Veja os 10 pontos que fortalecem a Frente de Esquerda Unidade como alternativa independente dos trabalhadores na Argentina.

sexta-feira 5 de novembro | Edição do dia

A esquerda trotskista argentina se prepara para uma eleição histórica, e o debate sobre essa experiência se faz necessário no Brasil, mais que nunca. Isso porque, apesar das explicações mirabolantes de oportunistas que tratam de fazer diferenças artificiais entre os dois países, é na Argentina que uma esquerda de independência de classe possui influência em setores de massas (incomparavelmente maior que a do PSOL no Brasil). A Frente de Esquerda Unidade emergiu nas eleições prévias de 12S como terceira força eleitoral, reunindo em seu interior o Partido de los Trabajadores por el Socialismo (PTS, organização irmã do MRT), o Partido Obrero (PO), a Izquierda Socialista (IS) e o Movimiento Socialista de Trabajadores (MST). Em uma situação de importante crise econômica no país, as tendências de rechaço ao peronismo como expressão da experiência de massas dos primeiros anos de Alberto Fernández, não estão se expressando apenas pela direita mas também pela esquerda e é isso que mostram os resultados da FIT-U emergindo como terceira força nacional. Mais que isso: como diz o jornal La Nación, o governo está inquieto pela fuga de seus votos ao trotskismo, em particular para as figuras dirigentes do PTS na Frente de Esquerda Unidade, como Nicolás del Caño, Myriam Bregman e Alejandro Vilca.

Elencamos aqui os dez pontos:

1) Após o fracasso do governo direitista de Mauricio Macri, hoje são milhões de pessoas também desencantadas com o peronismo, na coalizão presidencial da Frente de Todos, pois disseram que vinha encher a geladeira mas continuaram o ajuste e depois que as eleições prévias (PASO) nomeou funcionários repressivos e contra os direitos das mulheres como Juan Manzur, Aníbal Fernández ou Julián Domínguez. E aparecem demagogos como Javier Milei ou José Luis Espert, que falam de "liberdade" mas só querem aprofundar o ajuste e até mesmo apresentar candidatos que defendem a ditadura. Diante deles, é necessário dar força à Frente de Esquerda e dos Trabalhadores Unidade.
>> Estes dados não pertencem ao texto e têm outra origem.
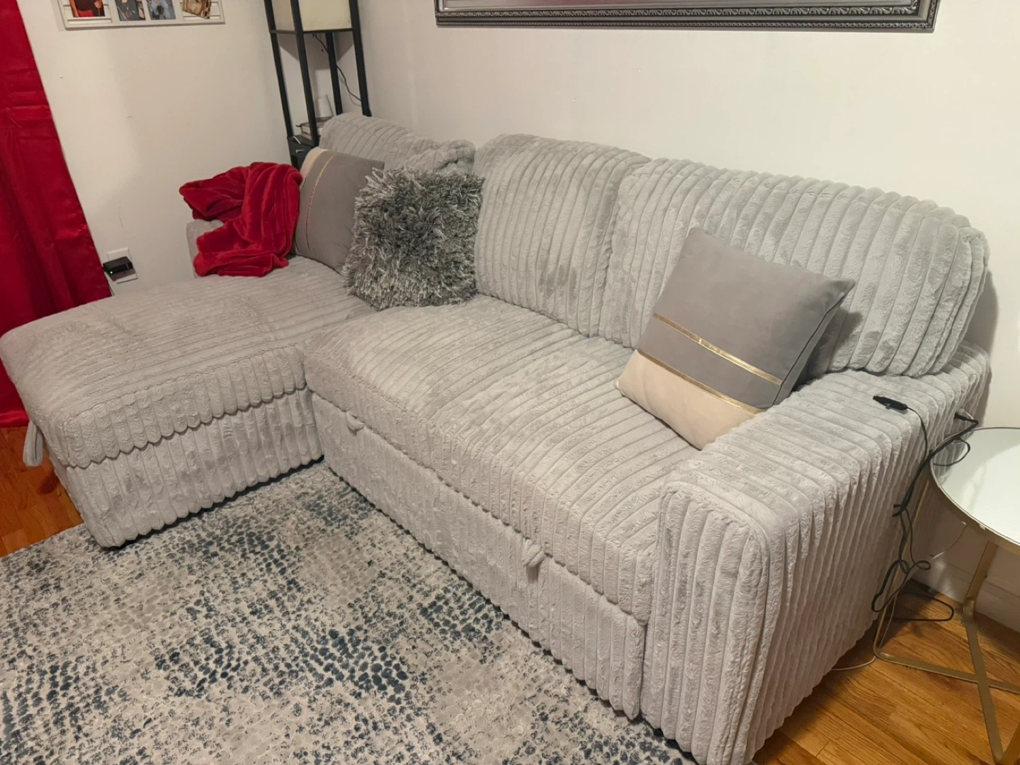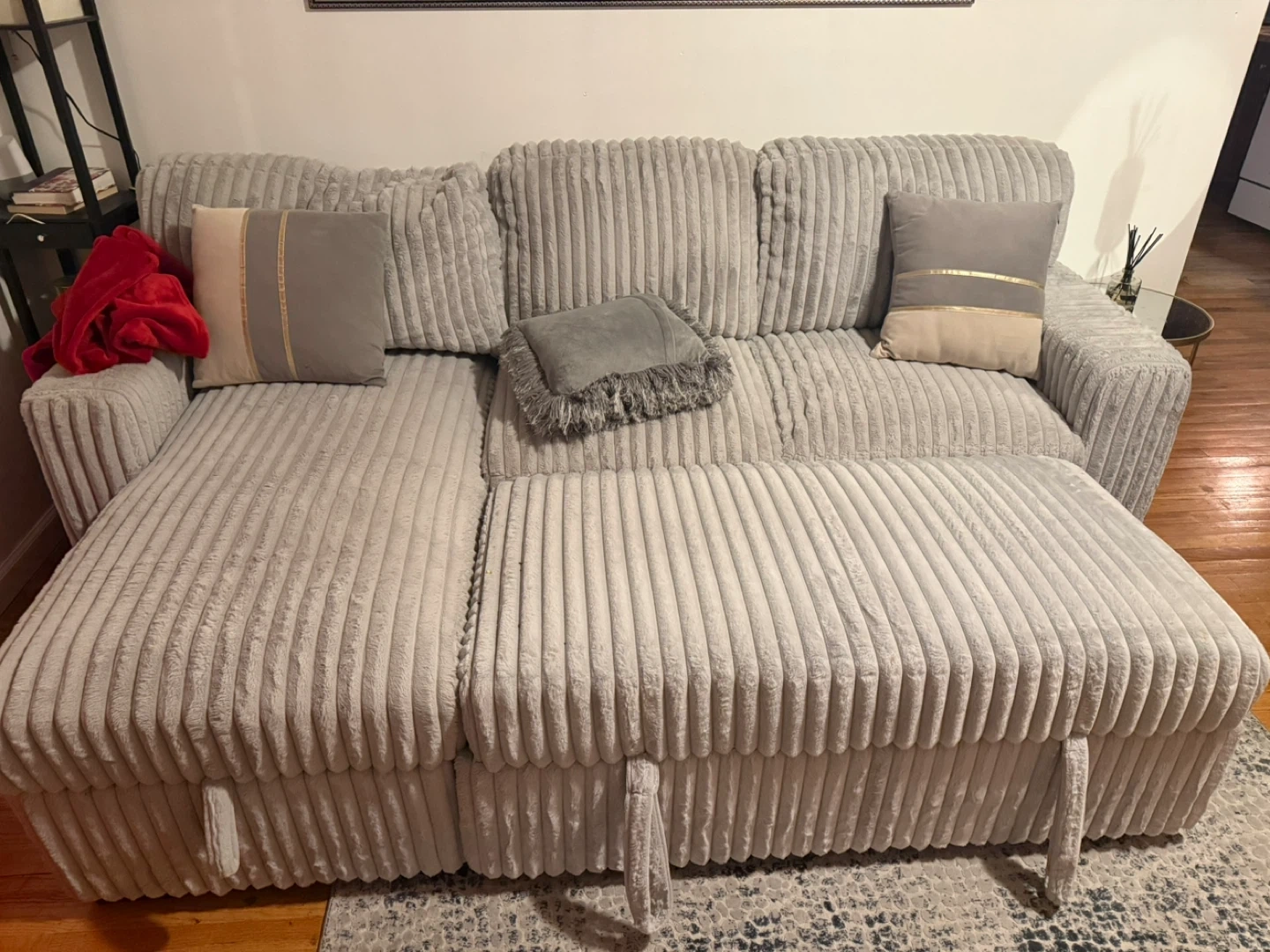This light gray sectional sofa features a soft corduroy fabric. It includes a pull-out bed and storage space within the chaise. Two decorative pillows are included. It's perfect for small spaces needing versatile seating and sleeping options!

É ela que está sempre do lado dos trabalhadores, presente fisicamente em todas as suas lutas, utilizando as bancadas parlamentares para impulsionar a luta de classes extraparlamentar (de acordo com as diretrizes da III Internacional de Lênin e Trotski), sempre apostando na unidade da esquerda para construir uma alternativa que dê a volta à história, com a força dos trabalhadores, das mulheres e dos jovens. Não há nada parecido no Brasil, e por isso é uma grande inspiração para pensarmos em nosso país em como intervir na luta de classes, e também nas eleições, com uma política independente, anticapitalista e socialista.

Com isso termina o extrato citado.